What's On My Wishlist ~1-15-11

Sunday, January 16, 2011

On My Wishlist is a fun weekly event hosted by Book Chick City and runs every Saturday.
Published: January 2009
Publisher: Bellevue Literary Press
Genre: Non-fiction
I've read conflicting reviews of this book ranging from it being a very in depth look at the experience of some patients in Willard State Hospital, a psychiatric hospital, to a book that merely seeks to indict the mental health system based on shoddy research.  Having worked in a state psychiatric institution myself for a number of years and currently responsible for ensuring state hospitals in my area are discharging individuals back to the community in a timely manner, I'd like to take a look at this book and form my own opinion.
 Here's what Pubishers Weekly says:
 When New York's 120-plus-year-old mental institution Willard State Hospital was closed down in 1995, New York Museum curator Craig Williams found a forgotten attic filled with suitcases belonging to former inmates. He informed Penney, co-editor of The Snail's Pace Review and a leading advocate of patients rights, who recognized the opportunity to salvage the memory of these institutionalized lives.
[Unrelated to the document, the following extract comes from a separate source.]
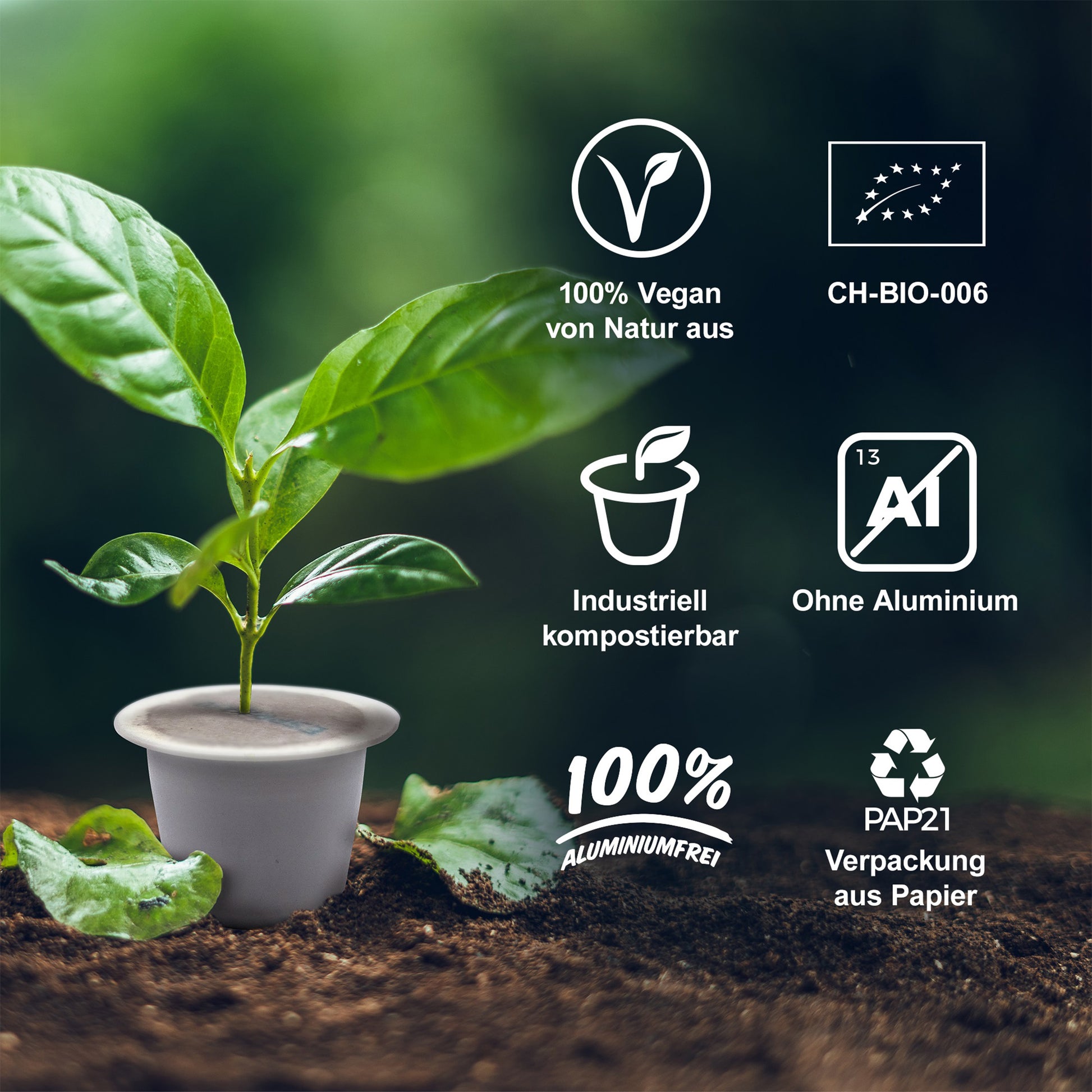 Die in unserem hochmodernen Werk hergestellten Teekapseln vereinen Komfort mit Umweltfreundlichkeit – damit du mit jeder Tasse unseres Premium-Tees nicht nur köstliche Aromen und Schweizer Qualität genießen kannst, sondern gleichzeitig etwas für die Umwelt tust.

She invited Stastny, a psychiatrist and documentary filmmaker, to help her curate an exhibit on the find and write this book, which they dedicate to "the Willard suitcase owners, and to all others who have lived and died in mental institutions." What follows are profiles of 10 individual patients whose suitcase contents proved intriguing (there were 427 bags total), referencing their institutional record-including histories and session notes-as well as some on-the-ground research.  While the individual stories are necessarily sketchy, the cumulative effect is a powerful indictment of healthcare for the mentally ill.

Please feel free to share your thoughts about this book...do you feel it was thoroughly researched? Is the author more focused on indicting the mental health system rather than telling a fact based story of the patients' lives and their experience in psychiatric institution?